[[ Supplied material open ]]

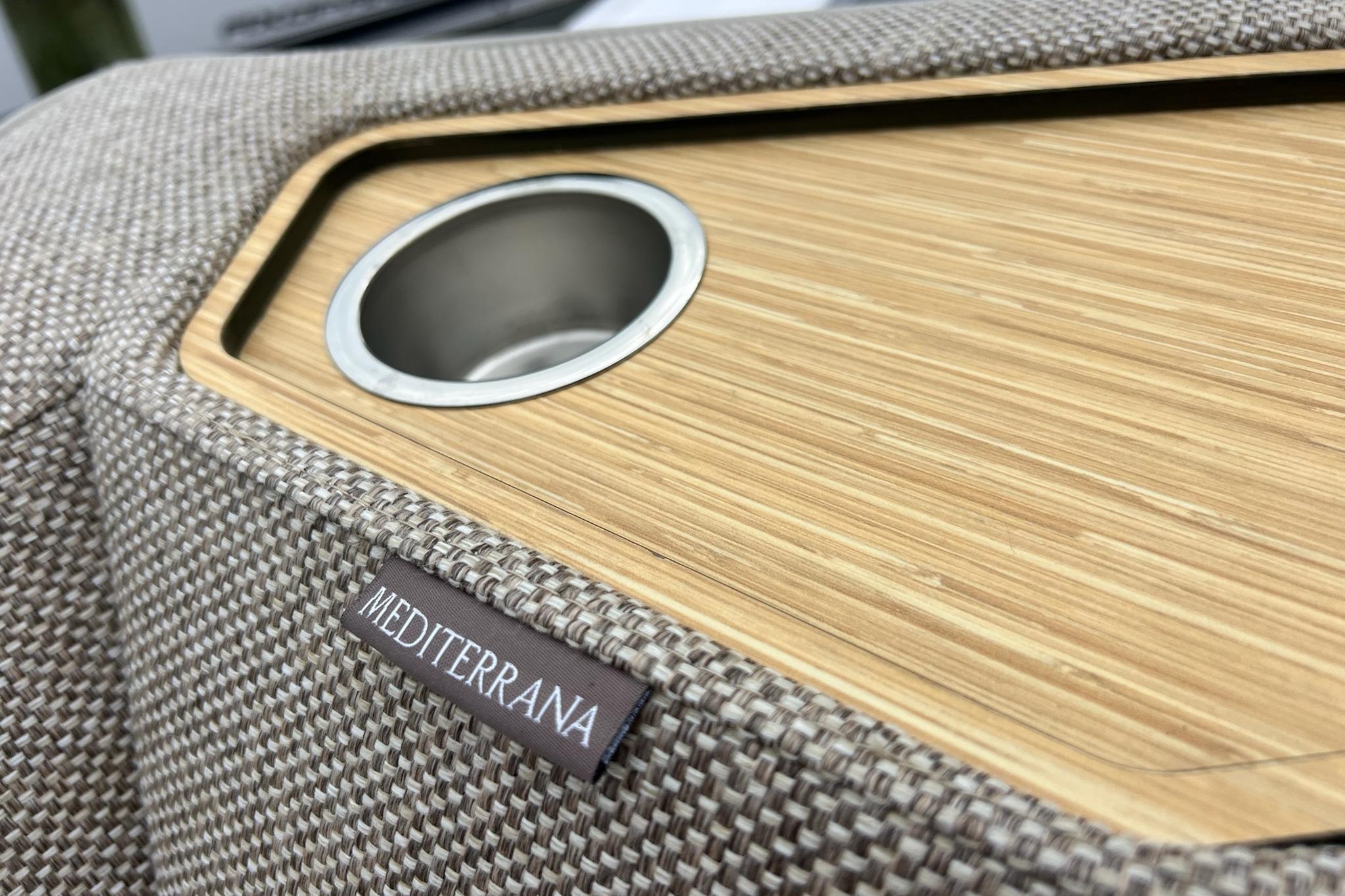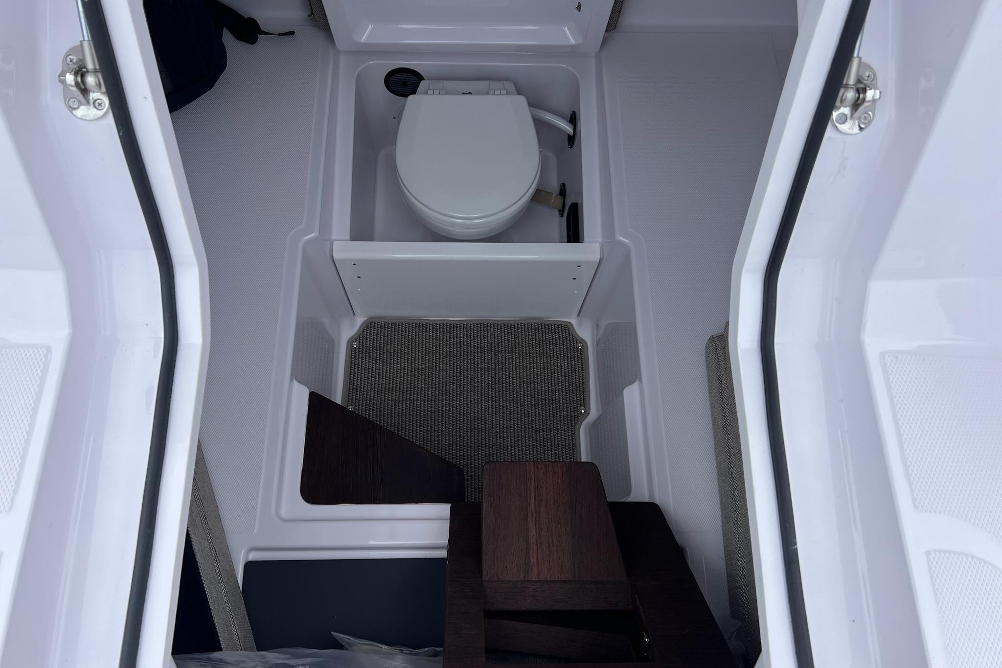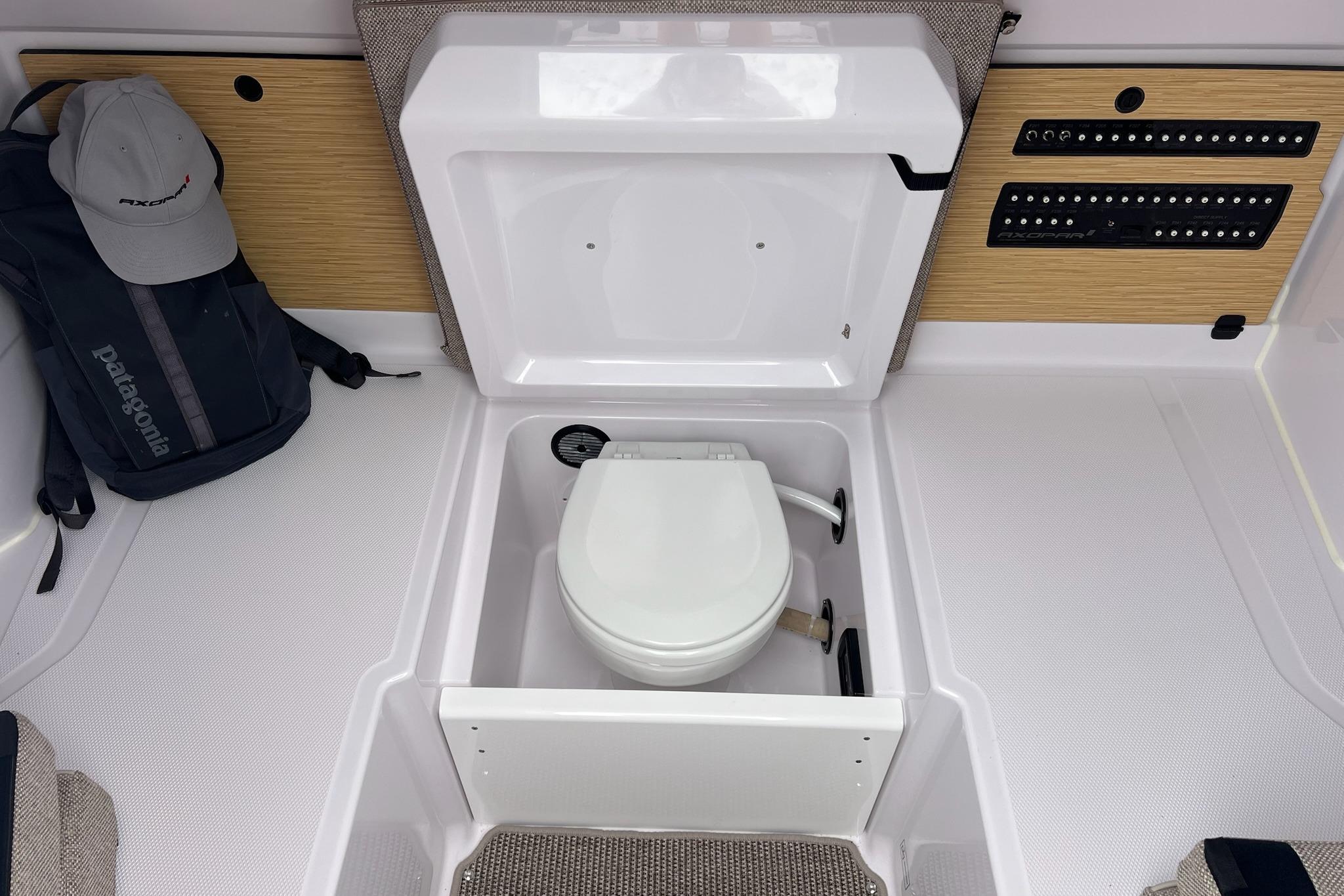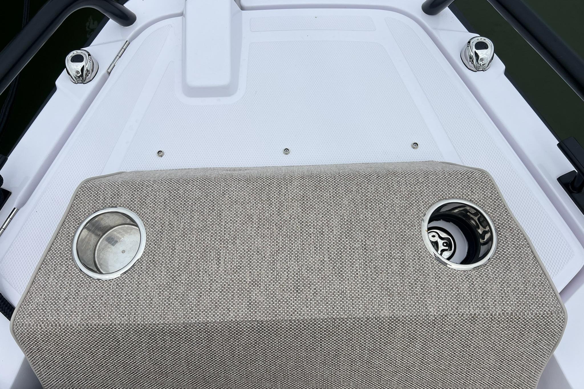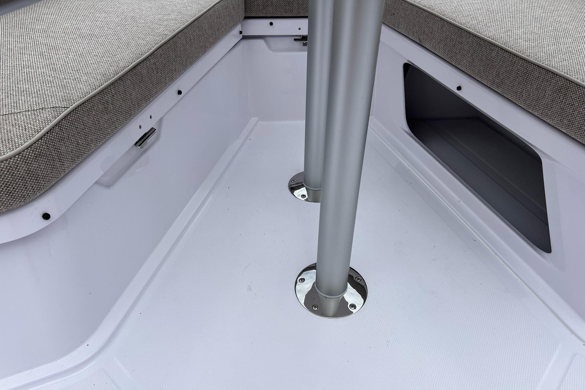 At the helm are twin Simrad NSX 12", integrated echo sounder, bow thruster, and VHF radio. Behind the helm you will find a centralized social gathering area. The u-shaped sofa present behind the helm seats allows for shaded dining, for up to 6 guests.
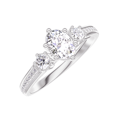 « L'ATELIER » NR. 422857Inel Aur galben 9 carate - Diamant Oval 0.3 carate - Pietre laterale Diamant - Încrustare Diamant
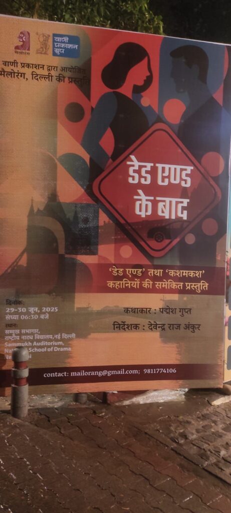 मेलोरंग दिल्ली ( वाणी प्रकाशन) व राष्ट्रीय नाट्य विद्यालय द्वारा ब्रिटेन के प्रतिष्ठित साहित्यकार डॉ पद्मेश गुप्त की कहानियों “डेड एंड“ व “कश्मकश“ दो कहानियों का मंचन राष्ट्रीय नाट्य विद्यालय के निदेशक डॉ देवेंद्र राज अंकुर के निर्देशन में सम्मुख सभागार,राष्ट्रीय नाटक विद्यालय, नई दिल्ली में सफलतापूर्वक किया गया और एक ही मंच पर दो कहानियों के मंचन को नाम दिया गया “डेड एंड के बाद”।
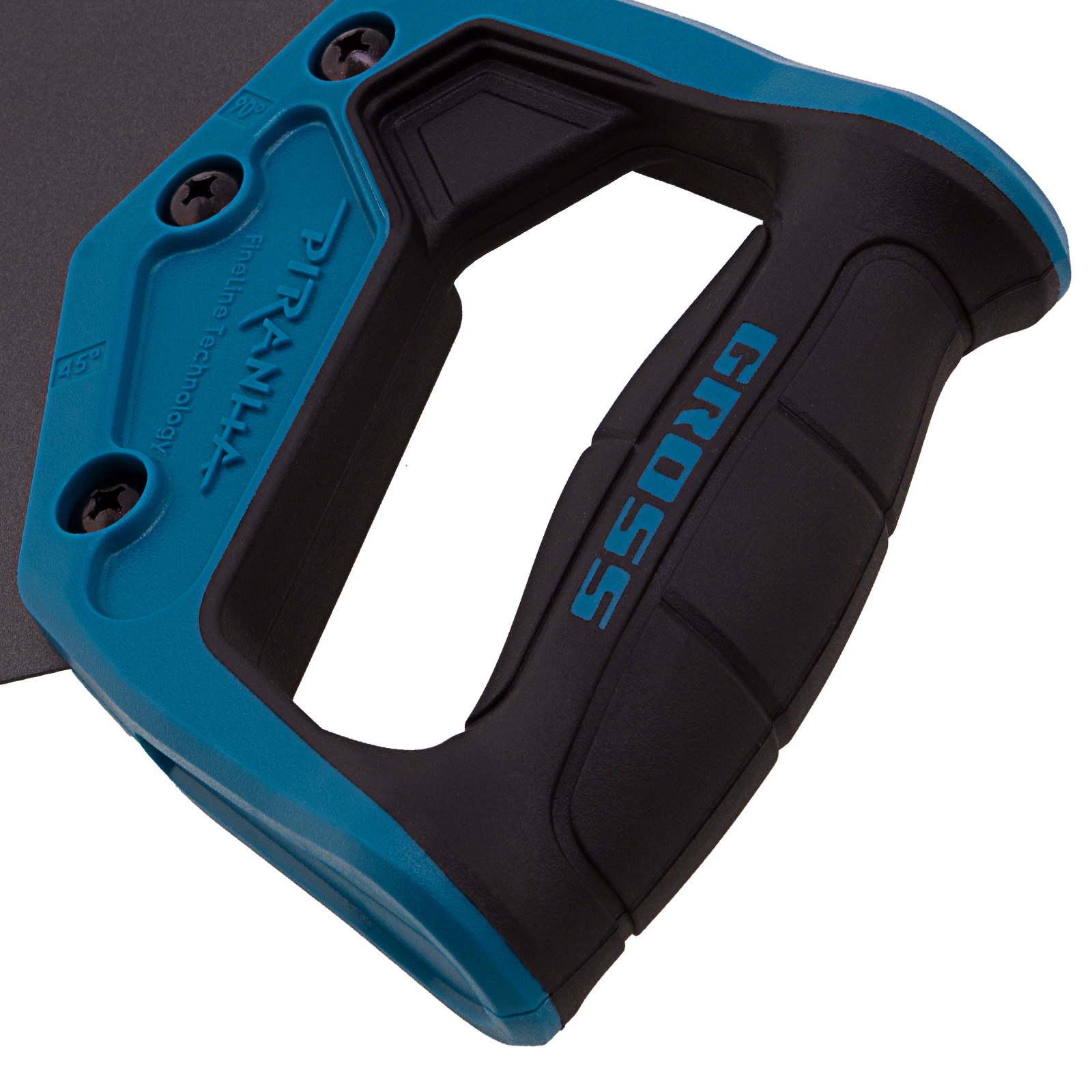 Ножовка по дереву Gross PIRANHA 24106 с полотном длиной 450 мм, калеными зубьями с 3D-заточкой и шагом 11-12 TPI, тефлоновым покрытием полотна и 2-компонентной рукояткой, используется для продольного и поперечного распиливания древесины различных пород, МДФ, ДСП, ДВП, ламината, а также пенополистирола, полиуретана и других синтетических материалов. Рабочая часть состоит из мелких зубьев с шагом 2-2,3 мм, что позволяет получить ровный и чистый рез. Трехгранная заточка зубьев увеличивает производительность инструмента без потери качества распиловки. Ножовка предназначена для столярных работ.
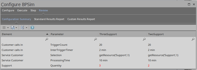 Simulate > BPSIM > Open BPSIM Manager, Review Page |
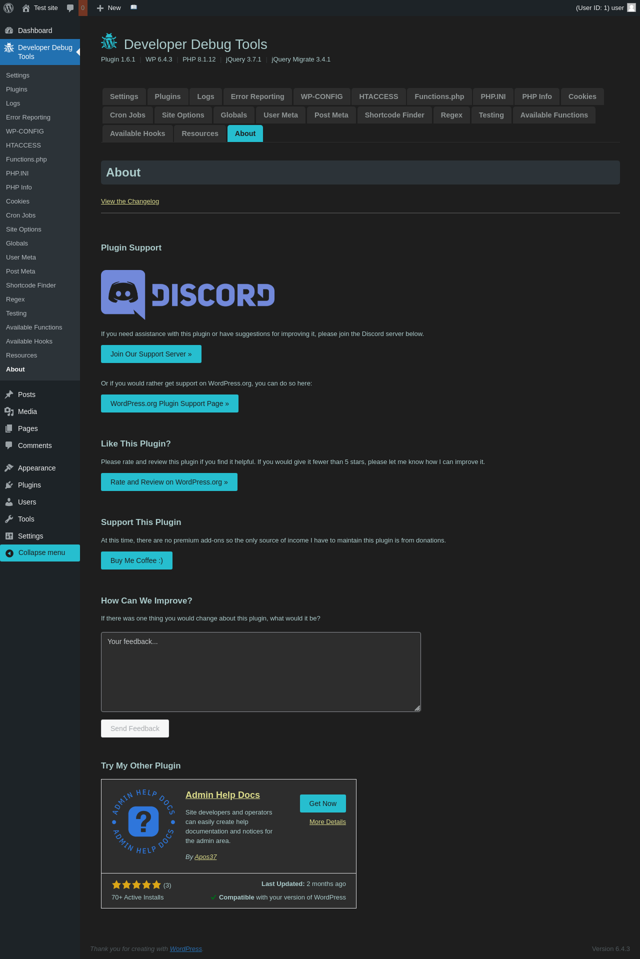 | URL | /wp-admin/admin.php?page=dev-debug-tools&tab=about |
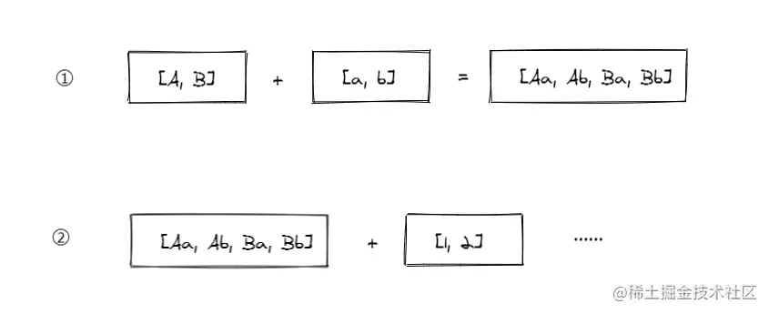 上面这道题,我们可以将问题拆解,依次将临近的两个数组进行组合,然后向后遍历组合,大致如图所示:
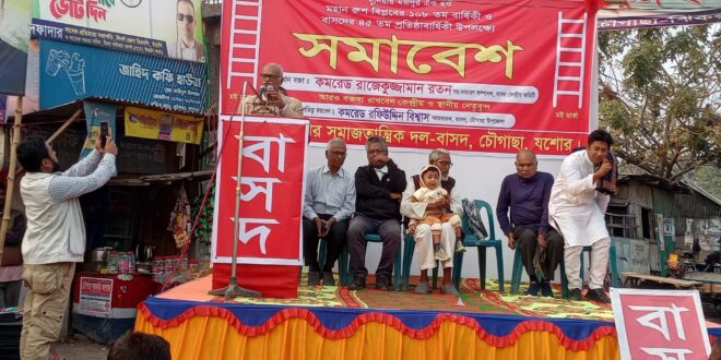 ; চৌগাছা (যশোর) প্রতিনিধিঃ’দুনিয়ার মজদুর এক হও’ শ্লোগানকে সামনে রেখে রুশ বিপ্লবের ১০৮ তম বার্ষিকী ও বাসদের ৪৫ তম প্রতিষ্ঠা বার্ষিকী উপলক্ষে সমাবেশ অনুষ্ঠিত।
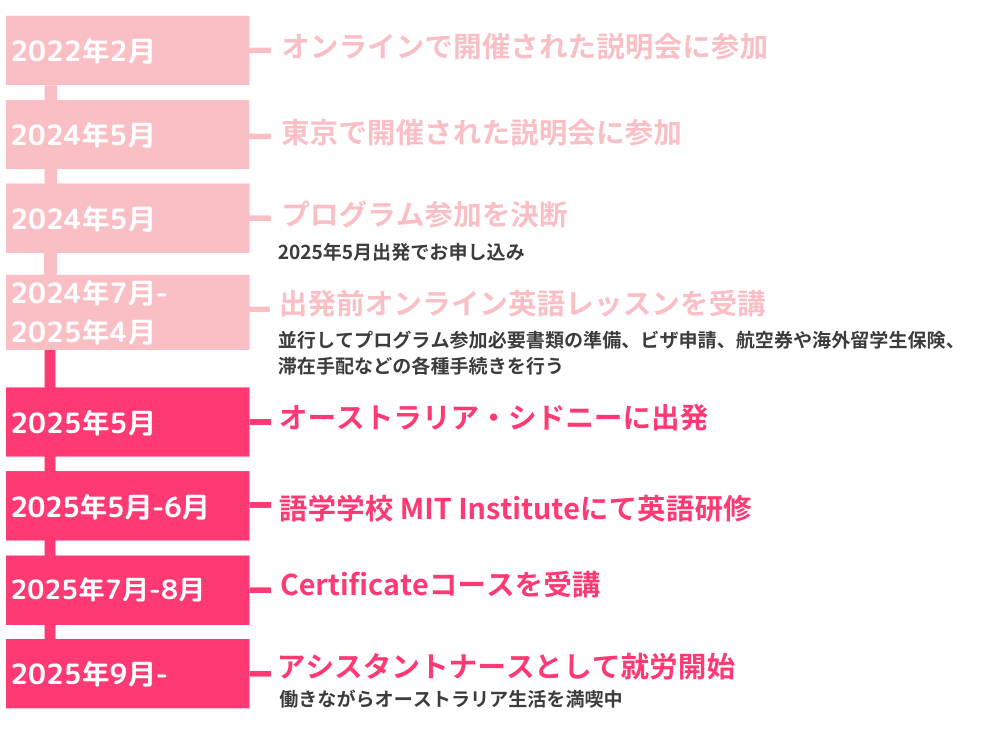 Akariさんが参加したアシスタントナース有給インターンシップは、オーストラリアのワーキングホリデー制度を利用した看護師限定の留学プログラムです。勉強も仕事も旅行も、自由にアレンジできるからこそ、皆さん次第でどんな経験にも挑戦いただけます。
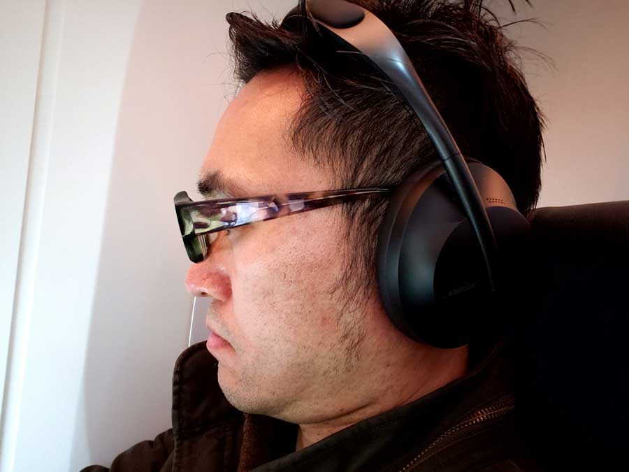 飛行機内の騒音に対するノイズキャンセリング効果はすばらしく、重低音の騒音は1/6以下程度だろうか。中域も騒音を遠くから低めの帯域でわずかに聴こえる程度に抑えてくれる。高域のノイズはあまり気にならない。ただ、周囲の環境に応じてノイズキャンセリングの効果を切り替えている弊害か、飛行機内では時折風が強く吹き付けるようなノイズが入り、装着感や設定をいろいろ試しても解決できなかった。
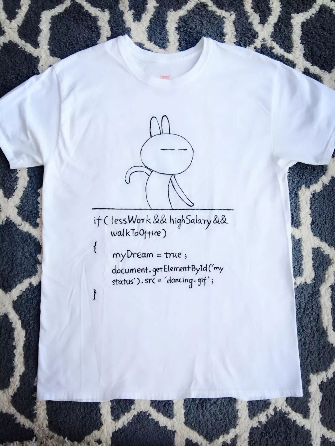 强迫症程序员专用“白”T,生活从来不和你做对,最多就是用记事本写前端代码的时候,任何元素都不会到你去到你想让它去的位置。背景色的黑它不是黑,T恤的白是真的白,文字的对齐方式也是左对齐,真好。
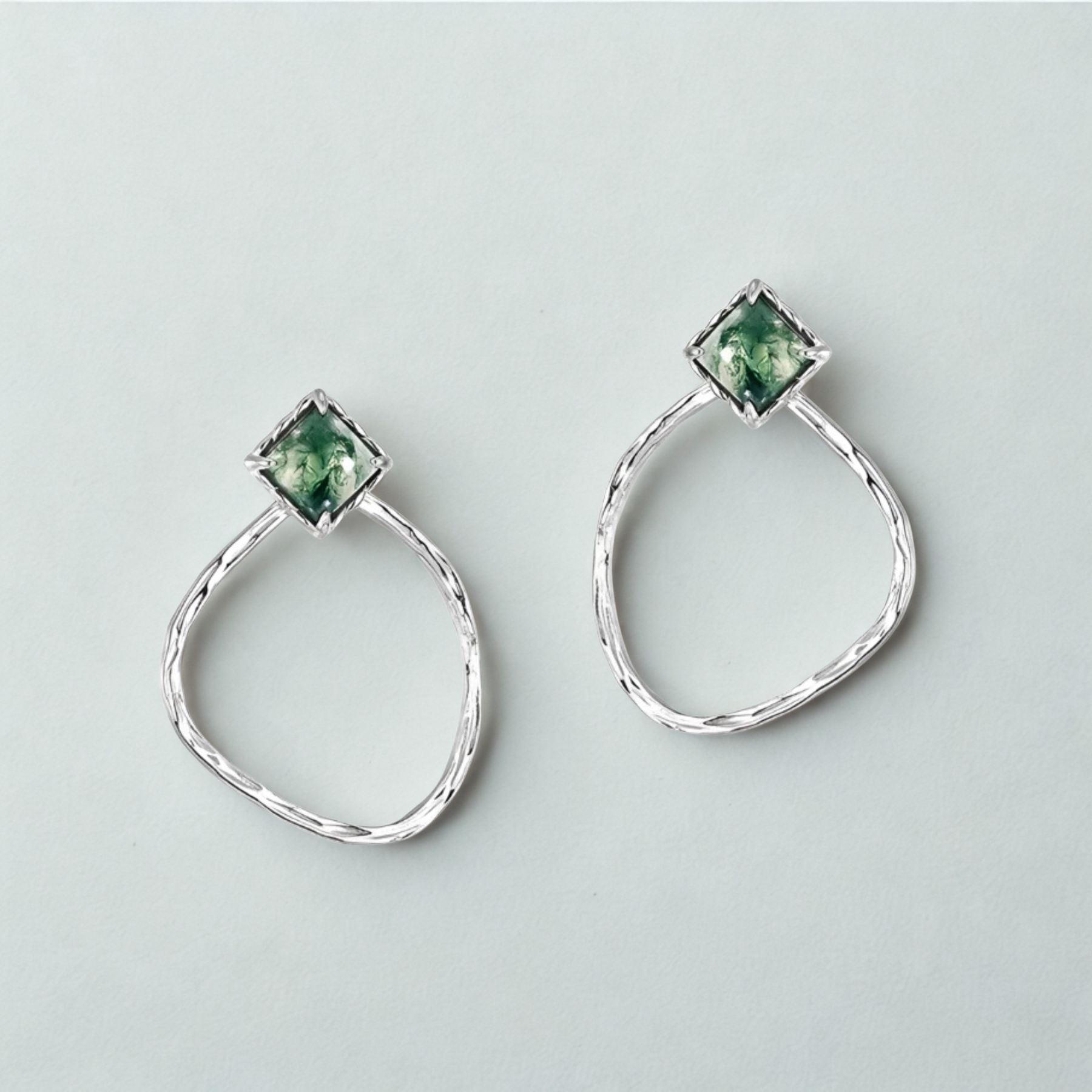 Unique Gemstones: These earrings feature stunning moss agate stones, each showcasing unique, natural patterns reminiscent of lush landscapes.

[[ Supplied material closed ]]

What to produce: Word for word, output the lines from the line bearing "मेलोरंग दिल्ली ( वाणी" through the end of the records above, and only those, without the pictures.

Exercise answer:
 मेलोरंग दिल्ली ( वाणी प्रकाशन) व राष्ट्रीय नाट्य विद्यालय द्वारा ब्रिटेन के प्रतिष्ठित साहित्यकार डॉ पद्मेश गुप्त की कहानियों “डेड एंड“ व “कश्मकश“ दो कहानियों का मंचन राष्ट्रीय नाट्य विद्यालय के निदेशक डॉ देवेंद्र राज अंकुर के निर्देशन में सम्मुख सभागार,राष्ट्रीय नाटक विद्यालय, नई दिल्ली में सफलतापूर्वक किया गया और एक ही मंच पर दो कहानियों के मंचन को नाम दिया गया “डेड एंड के बाद”।
 Ножовка по дереву Gross PIRANHA 24106 с полотном длиной 450 мм, калеными зубьями с 3D-заточкой и шагом 11-12 TPI, тефлоновым покрытием полотна и 2-компонентной рукояткой, используется для продольного и поперечного распиливания древесины различных пород, МДФ, ДСП, ДВП, ламината, а также пенополистирола, полиуретана и других синтетических материалов. Рабочая часть состоит из мелких зубьев с шагом 2-2,3 мм, что позволяет получить ровный и чистый рез. Трехгранная заточка зубьев увеличивает производительность инструмента без потери качества распиловки. Ножовка предназначена для столярных работ.
 Simulate > BPSIM > Open BPSIM Manager, Review Page |
 | URL | /wp-admin/admin.php?page=dev-debug-tools&tab=about |
 上面这道题,我们可以将问题拆解,依次将临近的两个数组进行组合,然后向后遍历组合,大致如图所示:
 ; চৌগাছা (যশোর) প্রতিনিধিঃ’দুনিয়ার মজদুর এক হও’ শ্লোগানকে সামনে রেখে রুশ বিপ্লবের ১০৮ তম বার্ষিকী ও বাসদের ৪৫ তম প্রতিষ্ঠা বার্ষিকী উপলক্ষে সমাবেশ অনুষ্ঠিত।
 Akariさんが参加したアシスタントナース有給インターンシップは、オーストラリアのワーキングホリデー制度を利用した看護師限定の留学プログラムです。勉強も仕事も旅行も、自由にアレンジできるからこそ、皆さん次第でどんな経験にも挑戦いただけます。
 飛行機内の騒音に対するノイズキャンセリング効果はすばらしく、重低音の騒音は1/6以下程度だろうか。中域も騒音を遠くから低めの帯域でわずかに聴こえる程度に抑えてくれる。高域のノイズはあまり気にならない。ただ、周囲の環境に応じてノイズキャンセリングの効果を切り替えている弊害か、飛行機内では時折風が強く吹き付けるようなノイズが入り、装着感や設定をいろいろ試しても解決できなかった。
 强迫症程序员专用“白”T,生活从来不和你做对,最多就是用记事本写前端代码的时候,任何元素都不会到你去到你想让它去的位置。背景色的黑它不是黑,T恤的白是真的白,文字的对齐方式也是左对齐,真好。
 Unique Gemstones: These earrings feature stunning moss agate stones, each showcasing unique, natural patterns reminiscent of lush landscapes.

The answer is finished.